A retired economics professor at Simon Fraser University in Vancouver, Canada, his two-part book doesn’t end there. That is a positive thing, as the public is open to socialism, in no small measure due to the Great Recession.
In Chapter 2, Lebowitz looks at the Critique of the Gotha Program. This analysis on the economics and politics of workers’ demands in the late 19th century is relevant in 2015.
Trump’s parody of socialism as a welfare system of distribution (but not consumption and production) finds an echo in the Gotha Program. Distribution is but a part of what makes socialism an alternative to capitalism.
Socialism goes deeper, with the author fleshing out the whys and wherefores of workers’ active engagement at and away from the workplace in a post-capitalist order. Lebowitz writes: “Change the relations of production, the economic structure of society, and you change the basis of relations of distribution.”
In Chapter 1, Lebowitz lays out the nightmare of contemporary capitalism, and its relationship with socialism. Currently, people and the planet suffer, as capital, a social relation between classes, generates war and waste, and will continue to do so until humanity replaces it.
That won’t happen overnight, Lebowitz writes. Ordinary people must be at the center of this process, the revolutionary subjects which we learn more about in Chapter 7.
Lebowitz does not underestimate the power of capitalism to discourage us, citing Marx in Capital, how workers come to see the system as common sense. “The advance of capitalist production develops a working class which by education, tradition and habit looks upon the requirements of that mode of production as self-evident natural laws. The organization of the capitalist process of production, once it is fully developed, breaks down all resistance.”
Lebowitz does not back away from discussing the failures of socialism past. A case in point is the “market self-management” of former Yugoslavia that fell apart.
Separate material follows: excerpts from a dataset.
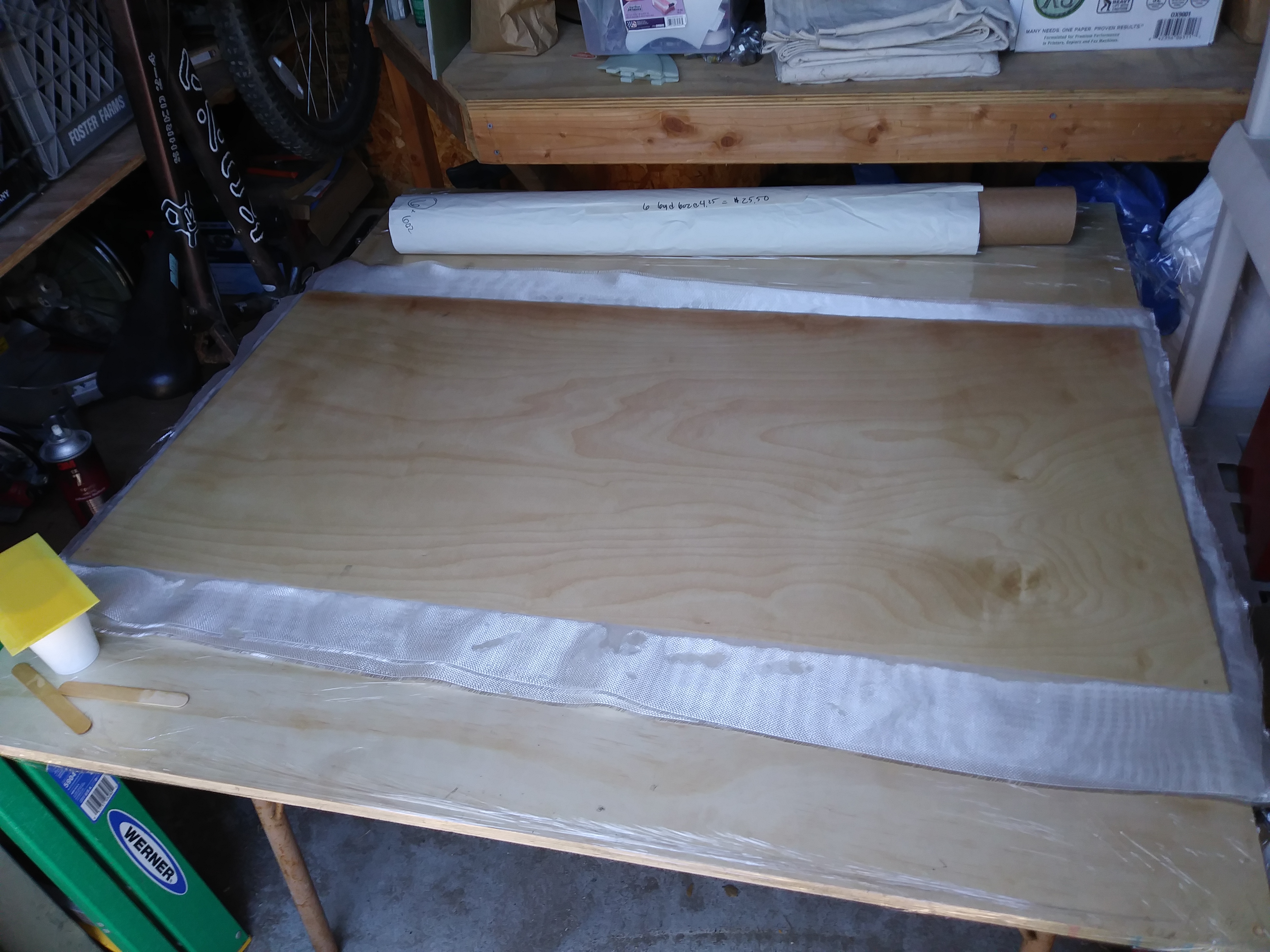 Also lammed 2 layers of 6 oz on this sheet of aircraft ply… Fin fun in the future!
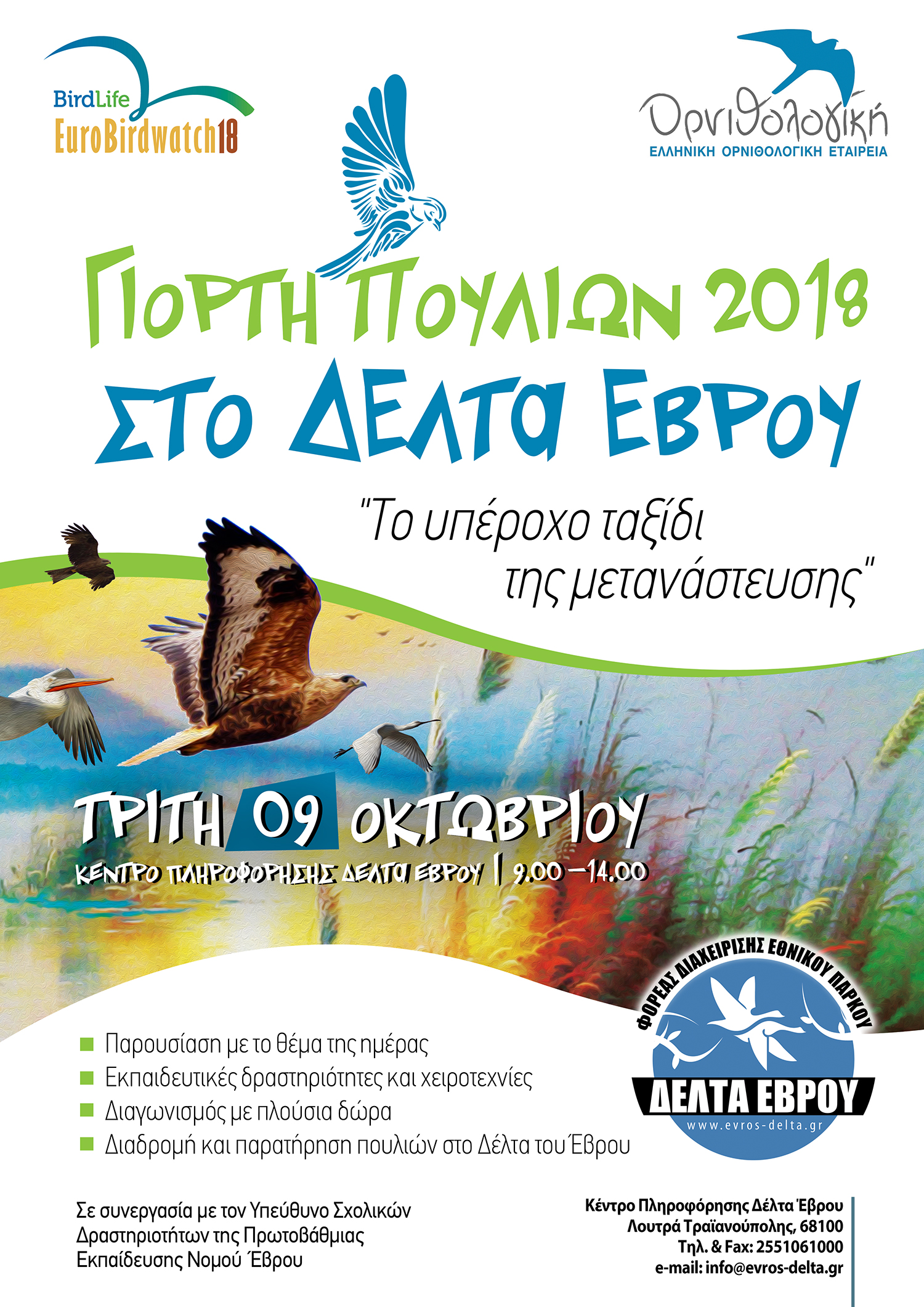 Ο Φορέας Διαχείρισης Προστατευόμενων Περιοχών Δέλτα Έβρου και Σαμοθράκης διοργανώνει την Τρίτη 09 Οκτωβρίου 2018 από τις 9.00 έως τις 14.00 στο Κέντρο Πληροφόρησης Δέλτα Έβρου την «Πανευρωπαϊκή Γιορτή Πουλιών», με αφορμή την 25η επέτειο της «Ευρωπαϊκής Γιορτής των Πουλιών» .
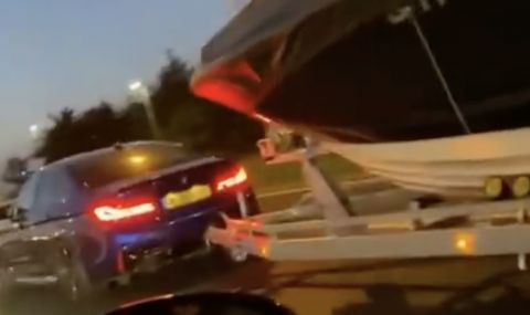 Както може да видите и от видеото, М5-цата тегли ремарке с доста голяма лодка, като въпреки това успява да вземе преднина при тръгването. В заводски вид M5-цата се задвижва от 4.4-литров осмак, който генерира максимум 625 конски сили и 750 нютон метра, които се предават към четирите колела.
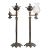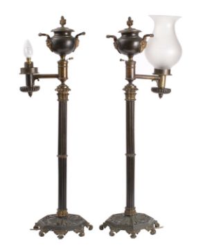 A pair of George IV or William IV patinated and parcel gilt bronze table oil lamps, circa 1830; each with a twin handled urn form reservoir with flambeau finial; the handles rising from Bacchic masks; with horizontal arms to the burners, later fitted for electricity, one with later glass shade; on cluster column shafts to openwork octagonal bases with Gothic tracery; on scrolling foliate feet; 81cm high
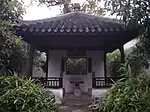An octagonal tower with flying eaves, built around a preexisting well called the celestial spring. |
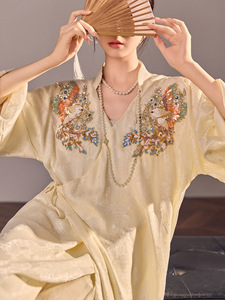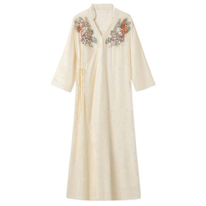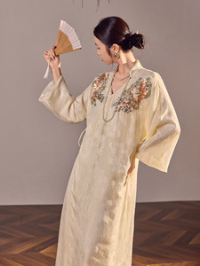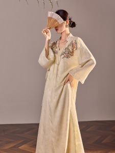 气质新中式高端刺绣设计长裙国风新款时尚轻奢连衣裙女装 N6030

Chapter 6 features an interesting take on Vietnam, socialism and capitalism, delivered first in Cuba. Cubans no doubt understood his cautionary tale.
Venezuela’s Bolivarian Revolution is a major theme in the book. Lebowitz wrote papers on human development, a high priority in that nation’s socialist project, for the late President Hugo Chavez from 2006-11.
Lebowitz lauds Venezuela’s community councils as vital components of a “socialist triangle” that Chavez articulated. The three interrelated parts are: social ownership, social production workers organize, and satisfaction of social needs.
Lebowitz unpacks the trio in a careful, clear and complete way. Socialism as the goal, the path and the compass comes into sharper view, not as an overnight storm but a slow grind from the ravages of capitalism.
As for whether Sen. Sanders is a socialist, he supported the US-NATO bombing of the former Yugoslavia in spring 1999. For that reason alone, he does not qualify as being a socialist under the analysis Lebowitz advances. Nowhere in his book does he back such imperial aggression, as Sanders did against a socialist nation over 16 years ago.
Trump can entertain on socialism. But Lebowitz enlightens.